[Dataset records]
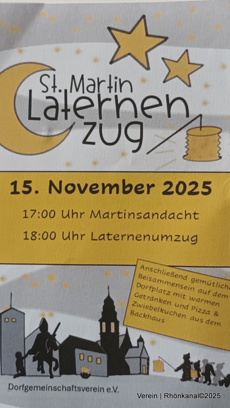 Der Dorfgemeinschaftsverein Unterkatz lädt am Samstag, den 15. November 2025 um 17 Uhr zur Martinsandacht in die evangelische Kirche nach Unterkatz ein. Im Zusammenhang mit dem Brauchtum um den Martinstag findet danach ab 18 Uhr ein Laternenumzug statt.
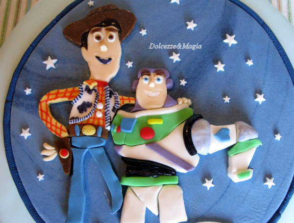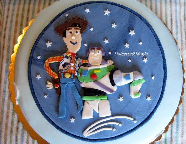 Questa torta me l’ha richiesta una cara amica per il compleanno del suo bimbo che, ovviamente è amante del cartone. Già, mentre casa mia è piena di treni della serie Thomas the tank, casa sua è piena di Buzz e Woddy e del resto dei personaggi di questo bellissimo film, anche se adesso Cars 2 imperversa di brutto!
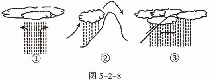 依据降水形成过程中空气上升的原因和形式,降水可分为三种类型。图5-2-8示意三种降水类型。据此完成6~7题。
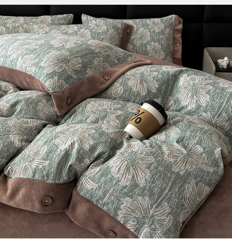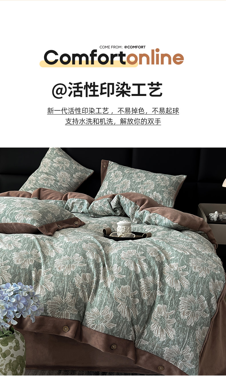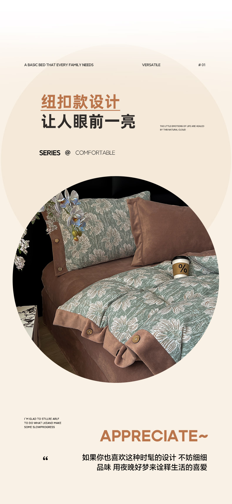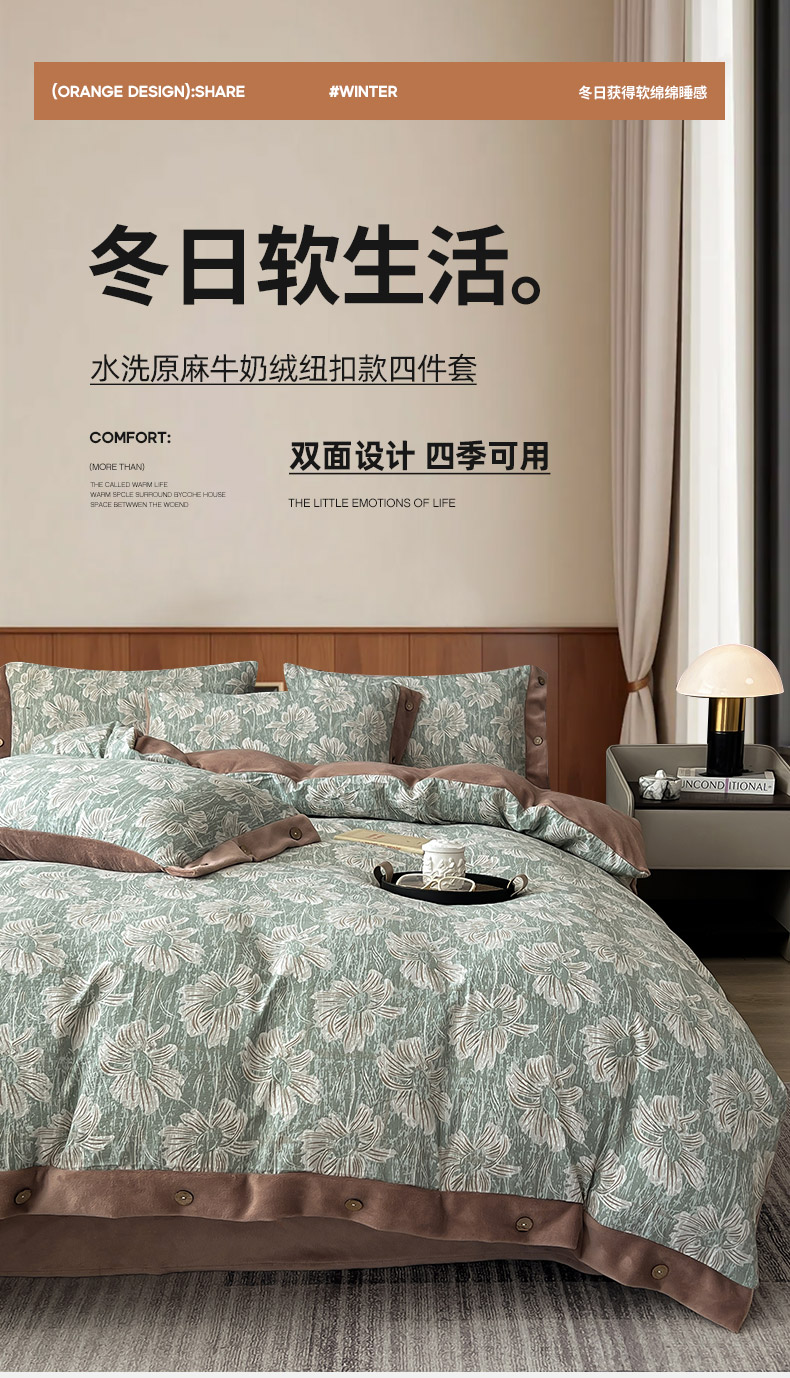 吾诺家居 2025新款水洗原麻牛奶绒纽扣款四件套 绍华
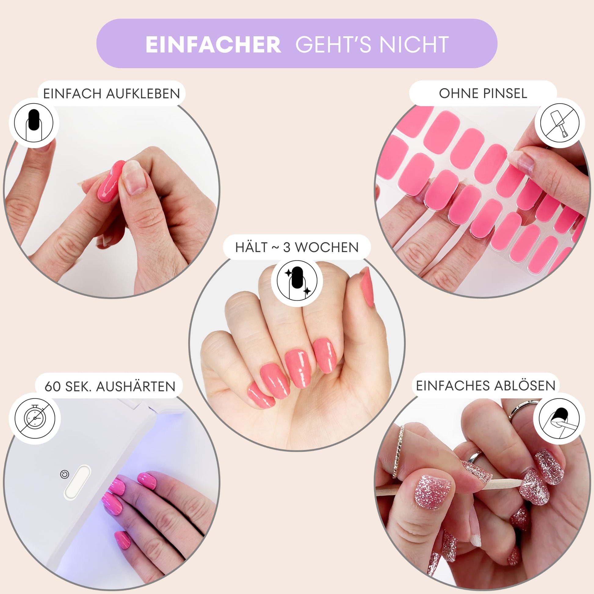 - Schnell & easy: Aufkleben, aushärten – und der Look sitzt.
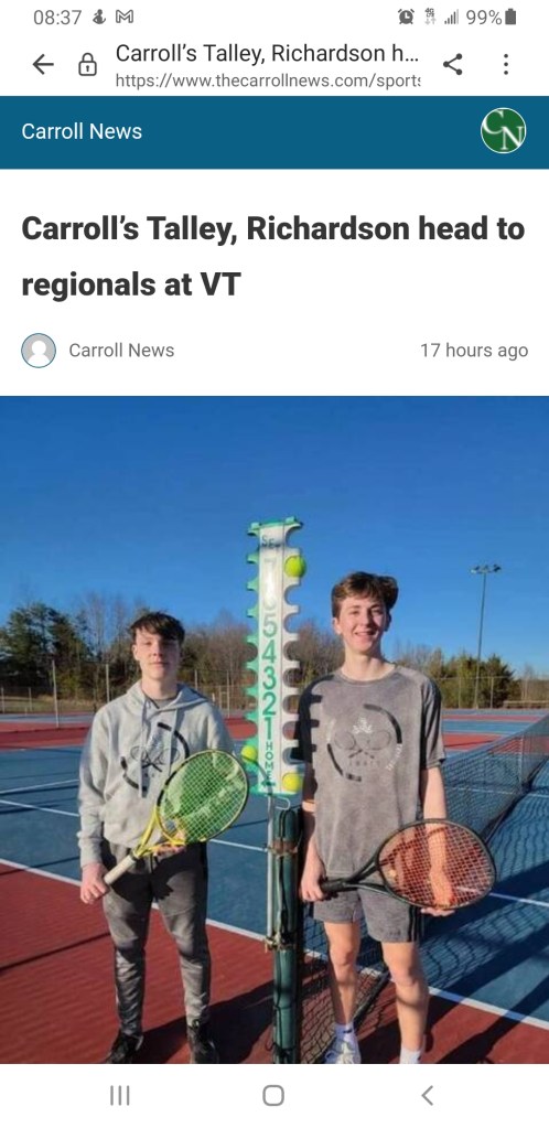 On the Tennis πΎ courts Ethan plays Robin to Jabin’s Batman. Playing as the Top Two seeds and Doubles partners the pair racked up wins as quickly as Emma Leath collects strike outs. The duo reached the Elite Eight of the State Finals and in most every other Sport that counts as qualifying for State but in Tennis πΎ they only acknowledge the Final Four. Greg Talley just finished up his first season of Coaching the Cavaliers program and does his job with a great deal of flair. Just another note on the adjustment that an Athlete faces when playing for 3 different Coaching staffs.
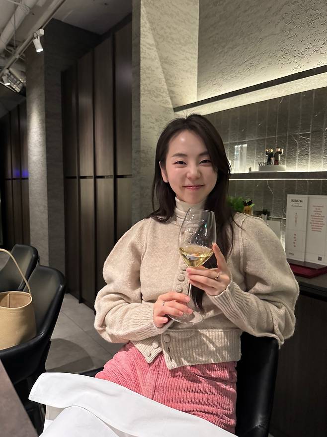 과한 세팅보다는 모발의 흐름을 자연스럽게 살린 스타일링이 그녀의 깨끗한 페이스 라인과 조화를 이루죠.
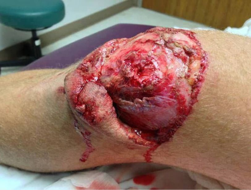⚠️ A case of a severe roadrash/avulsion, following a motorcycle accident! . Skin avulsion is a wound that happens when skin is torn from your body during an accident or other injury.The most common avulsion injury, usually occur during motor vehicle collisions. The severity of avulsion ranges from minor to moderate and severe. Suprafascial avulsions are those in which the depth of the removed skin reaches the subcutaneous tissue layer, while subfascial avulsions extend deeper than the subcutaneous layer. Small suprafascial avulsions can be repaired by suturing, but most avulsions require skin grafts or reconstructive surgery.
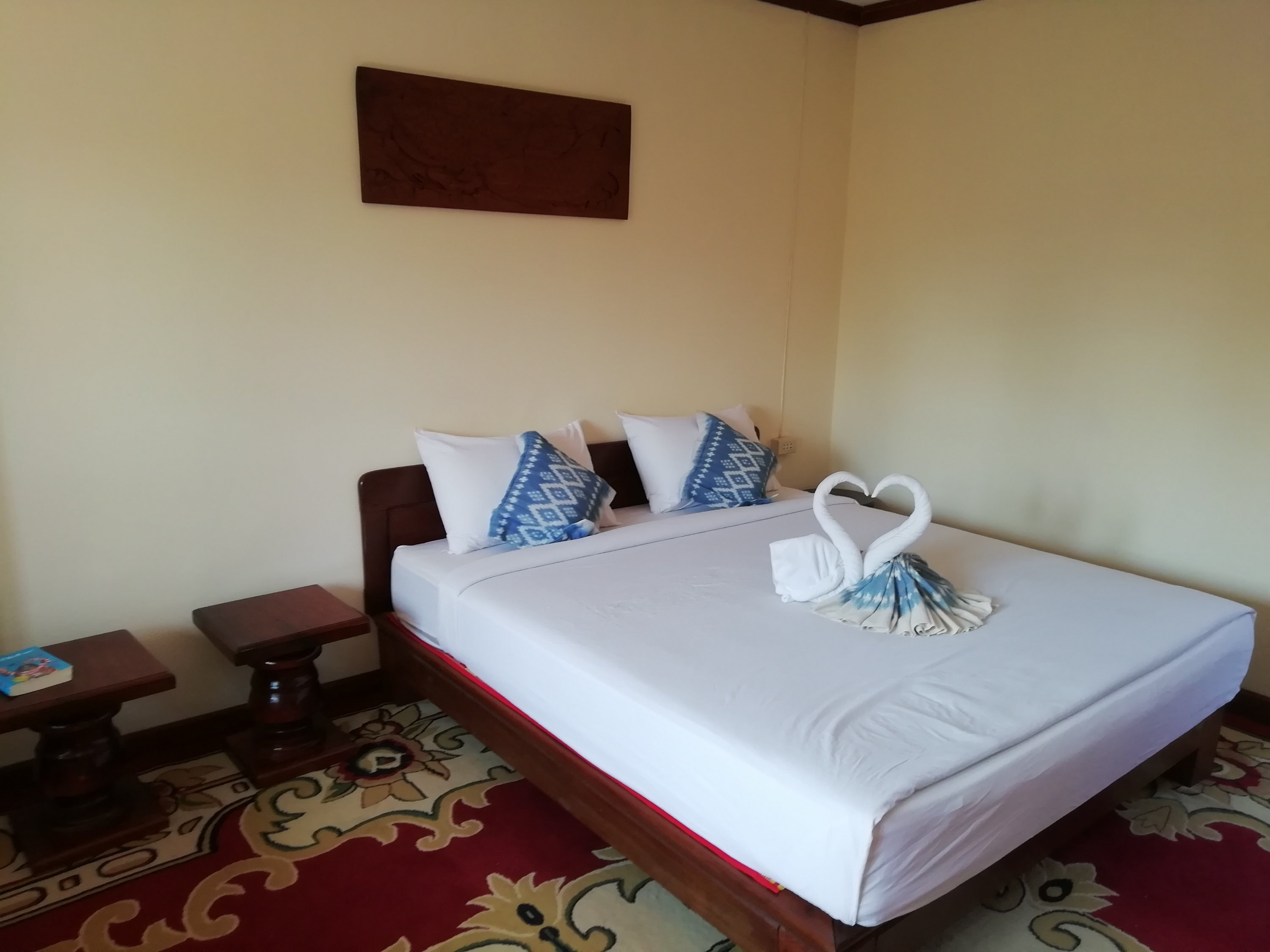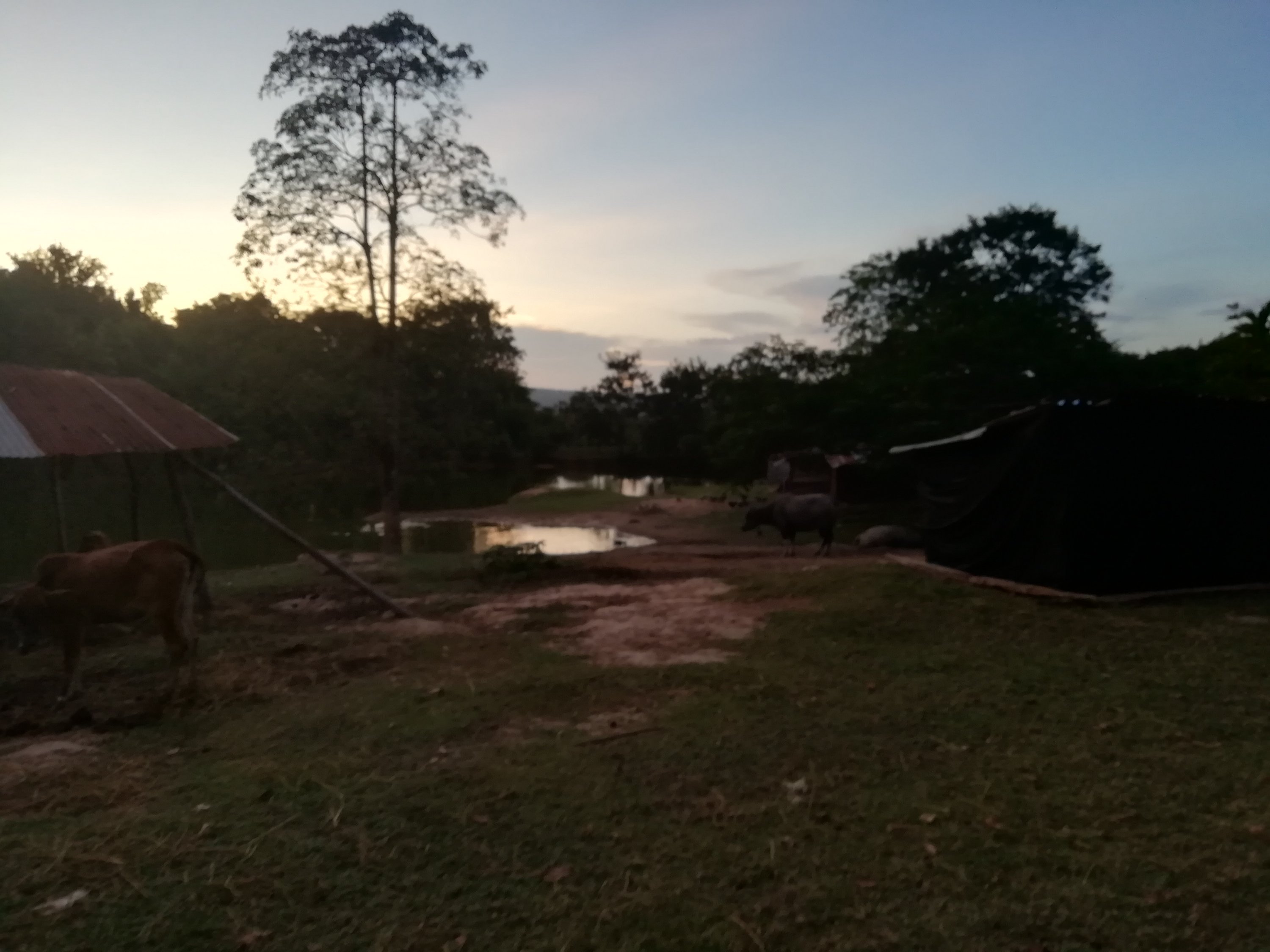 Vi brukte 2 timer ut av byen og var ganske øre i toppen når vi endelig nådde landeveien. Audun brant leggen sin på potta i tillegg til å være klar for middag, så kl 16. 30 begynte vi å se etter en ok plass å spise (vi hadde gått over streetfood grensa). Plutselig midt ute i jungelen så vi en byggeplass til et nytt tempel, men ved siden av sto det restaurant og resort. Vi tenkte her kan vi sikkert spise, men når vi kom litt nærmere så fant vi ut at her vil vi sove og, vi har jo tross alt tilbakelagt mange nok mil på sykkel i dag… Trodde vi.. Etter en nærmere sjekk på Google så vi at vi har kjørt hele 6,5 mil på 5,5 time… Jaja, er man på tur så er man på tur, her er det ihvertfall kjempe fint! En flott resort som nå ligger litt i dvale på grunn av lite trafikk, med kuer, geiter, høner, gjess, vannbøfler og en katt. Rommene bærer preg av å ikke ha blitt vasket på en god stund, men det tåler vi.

* DESCRIPTION OF THE TASK
The expected output is the lines above from the one containing "依据降水形成过程中空气上升的" to the one containing "- Schnell &", both ends included, reproduced exactly with every picture left out.

* EXERCISE SOLUTION
 依据降水形成过程中空气上升的原因和形式,降水可分为三种类型。图5-2-8示意三种降水类型。据此完成6~7题。
 吾诺家居 2025新款水洗原麻牛奶绒纽扣款四件套 绍华
 - Schnell & easy: Aufkleben, aushärten – und der Look sitzt.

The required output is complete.